The prognosis of patients with POAF depends on the timely identification and management of the arrhythmia. While most episodes are brief, self-resolving and patients spontaneously revert to sinus rhythm[66], one-third of patients with new onset POAF after non-cardiac surgery or medical illness have recurrent AF within 1 year[67]. POAF in non-cardiac surgery has been associated with at least 4-fold increased risk of stroke and at least 3-fold higher risk of mortality in the long-term[18]. Further, POAF is associated with increased short- and long-term risks, including stroke/TIA, MI, subsequent arrhythmias, heart failure, and mortality[1,16,68]. Our patients with new-onset POAF had a similar risk of death (3.6-fold higher odds), but there were no stroke cases identified in patients with new-onset POAF or POAF, and the overall rate in the population that was studied was 2.6%.

Strengths and limitations

This study addresses a gap in the literature by focusing on the occurrence and impact of POAF in emergent non-cardiac surgery in an ICU setting, a population with increased surgical stress that has not been well studied.
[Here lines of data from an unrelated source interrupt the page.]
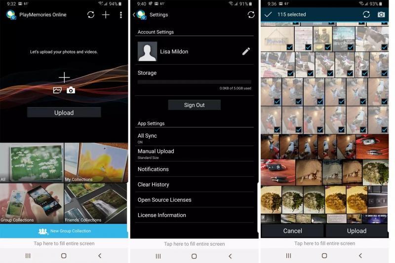 نسخه Android به سادگی با عنوان PlayMemories Online نامگذاری شده است و به طور یکسان با نسخه IOS کار میکند. فقط کافیست بر روی عکسهایی که میخواهید بارگذاری کنید، ضربه بزنید؛ سپس میتوانید برای دیدن مجموعه عکس و فیلم خود به وب سایت PlayMemories Online در هر دیوایسی بروید که تنها نیاز آن اتصال به اینترنت است.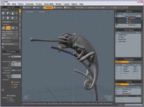 modo is a polygon and subdivision surface modeling, sculpting, 3D painting, animation and rendering package developed by Luxology, LLC. The program incorporates features such as n-gons and edge weighting, and runs on Mac OS X and Microsoft Windows platforms.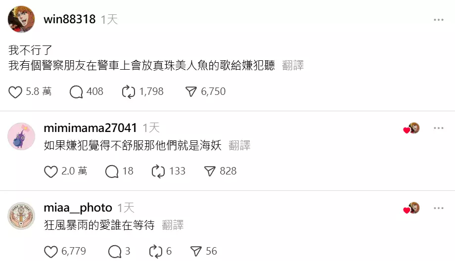 有網友分享他的警察朋友會在警車上放日本動畫《唱K小魚仙》的歌給疑犯聽,網友笑說「如果嫌犯覺得不舒服那他們就是海妖。」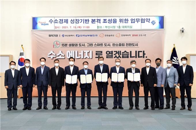 부산시(시장 박형준)는 7월 15일 오전 11시 시청 1층 대회의실에서 한국남부발전, 한화솔루션, 한화에너지, BNK금융그룹과 ‘탄소중립 전환도시 실현을 위한 수소경제 성장기반 조성 업무협약(MOU)’을 체결했다고 밝혔다.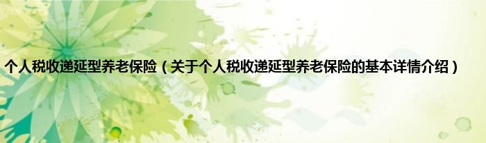 本文关于个人税收递延型养老保险的基本详情介绍就讲解完毕,希望对大家有所帮助。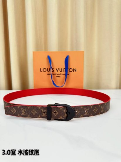 LV classic patterned leather belt, 3.0 width design, paired with a unique red wave pattern base, exuding understated luxury. Available with silver, gold, and black buckles to suit different occasions. Comes in exclusive brand packaging, perfect for gifting or personal use. A small belt that showcases exceptional taste, LV leather belts add the finishing touch to your style.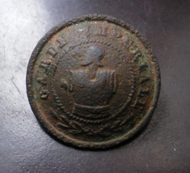 Moin Männers. Diesen 17mm Winzling hab ich schon etwas länger liegen. Er ist "Nachnapoleonisch"),leicht bombiert und mit einer Art Stegöse. In der Mitte ist eine Art Rüstung-welche ich von den alten Sappeurknöpfen her kenne. Außen steht: Garde Imperiale. Wenn ich bei Gockel diese Wortkombination eingebe seh ich Bilder von Knöpfen aus der Napoleonzeit bis 1814-also die typischen Gardeknöppe mit den bekrönten Adlern. Was ist es also wirklich und in welche Zeit passt er ungefähr? Vielen Dank für eure Mühen,Gruß Matzn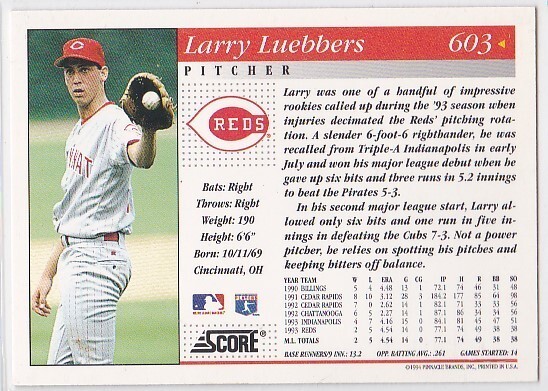 M) 1994 Score Baseball Trading Card - Larry Luebbers #603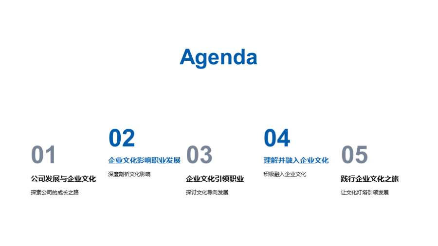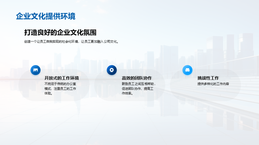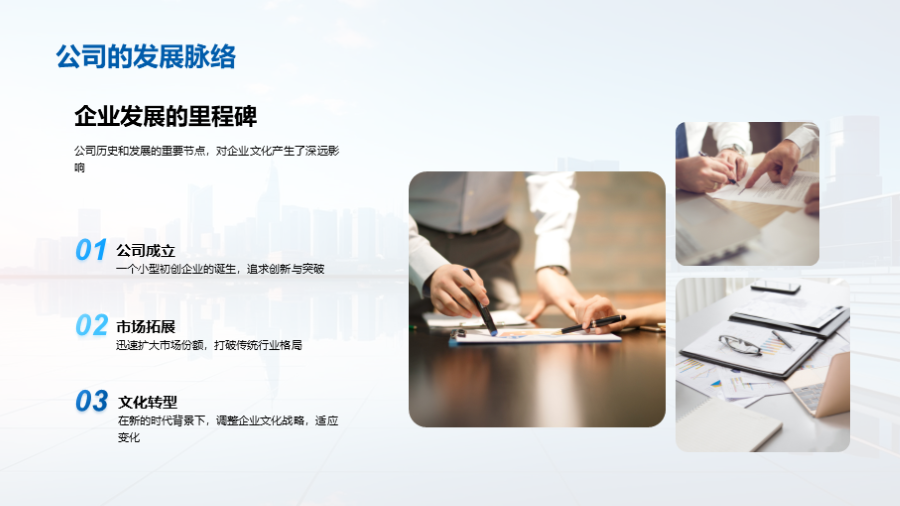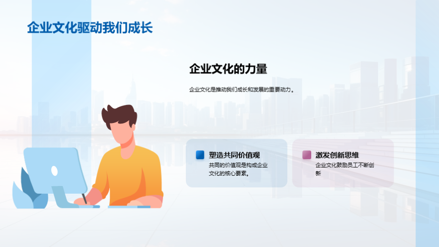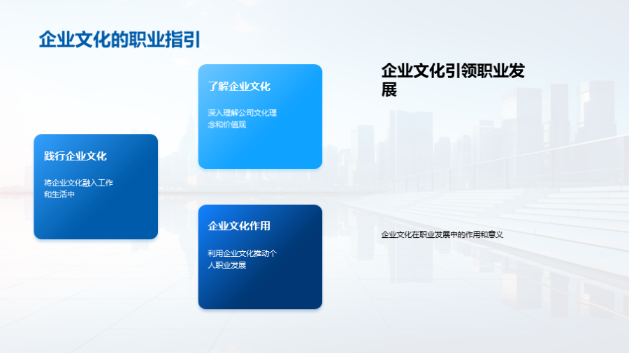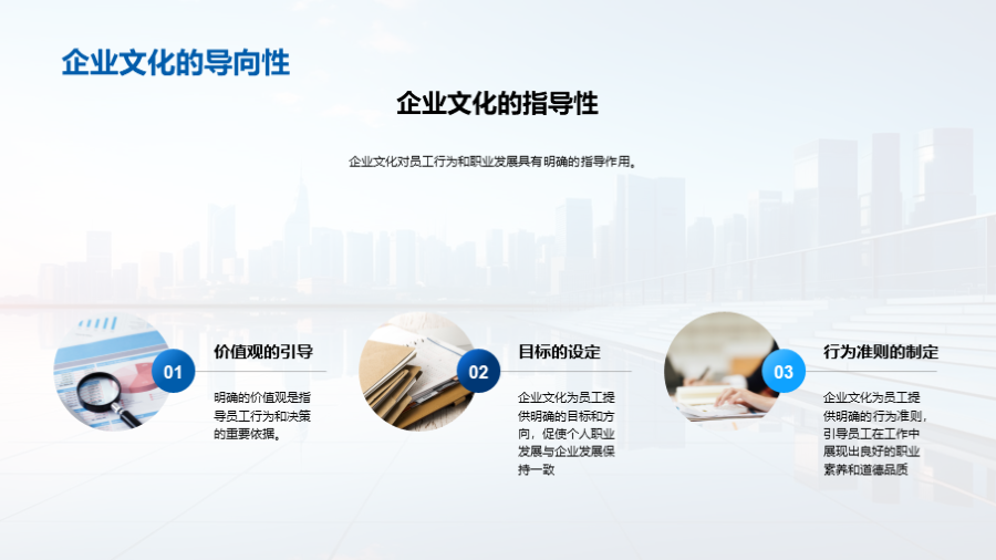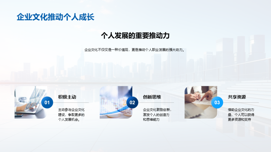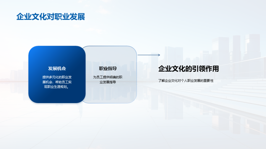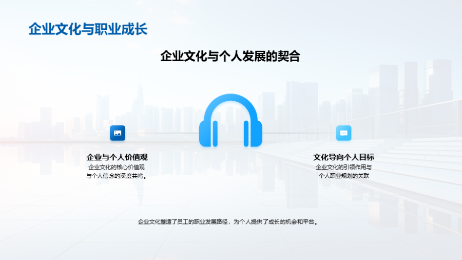 公司的历史和发展, 公司的企业文化理念, 企业文化与公司成功的关系, 企业文化对员工行为的影响, 企业文化对员工职业发展的作用, 优秀的企业文化带来的职业机会, 企业文化的导向性, 企业文化为我们提供的成长环境, 如何利用企业文化推动个人职 文件大小:2.47 MB 页数:33 页 分辨率:16*9 📸 产品预览 — 1秒登录查看完整内容 — 账号登录

Our findings are in accordance with previous studies in patients with non-cardiac surgery. However, this study also has limitations that should be considered when interpreting the results. First, the retrospective design introduces potential selection bias and limits the ability to establish correlation. Second, the results from a single-center study of patients with selected emergent procedures may not be generalizable to other healthcare settings with different patient populations and procedures. The procedures that we included affect the heterogeneity of this study, considering that an emergent exploratory laparotomy is a less severe intervention compared to above knee amputation which is a major surgery that almost always requires intraoperative blood transfusion. Third, the relatively small sample size of new onset POAF cases also limits the strength and generalizability of conclusions. Fourth, we acknowledge that the outcomes and covariates that were used in the models can be influenced by multiple confounders, including baseline comorbidities, illness severity, and complications, and this could potentially affect the findings of this study. Furthermore, while a weak association between IVF intake and POAF was identified, the types of intraoperative IVF were not analyzed, which may affect this association. Lastly, this study focuses on short-term postoperative outcomes and long-term outcomes, such as recurrence of AF or mortality after discharge, were not addressed.

CONCLUSION

In this study, we identified that POAF commonly affects critically ill patients following emergent non-cardiac surgeries (13.0%), presents as new onset POAF in 7.9%, and is associated with poor outcomes. Advanced age, identifying as white, high IVF intake, and extended ICU stay were significant predictors of POAF occurrence. New onset POAF was associated with advanced age and increased risk of cardiac arrest and mortality. Extrapolating from data that show only moderate prediction ability of scores for POAF in cardiac surgery and limited data in non-cardiac surgery, further research is needed to identify patients at highest risk for developing POAF. These findings underscore the need for vigilant monitoring and tailored management strategies in high-risk patients. Future multicenter and prospective studies are warranted to develop targeted interventions aimed at reducing POAF incidence and improving patient outcomes in this population.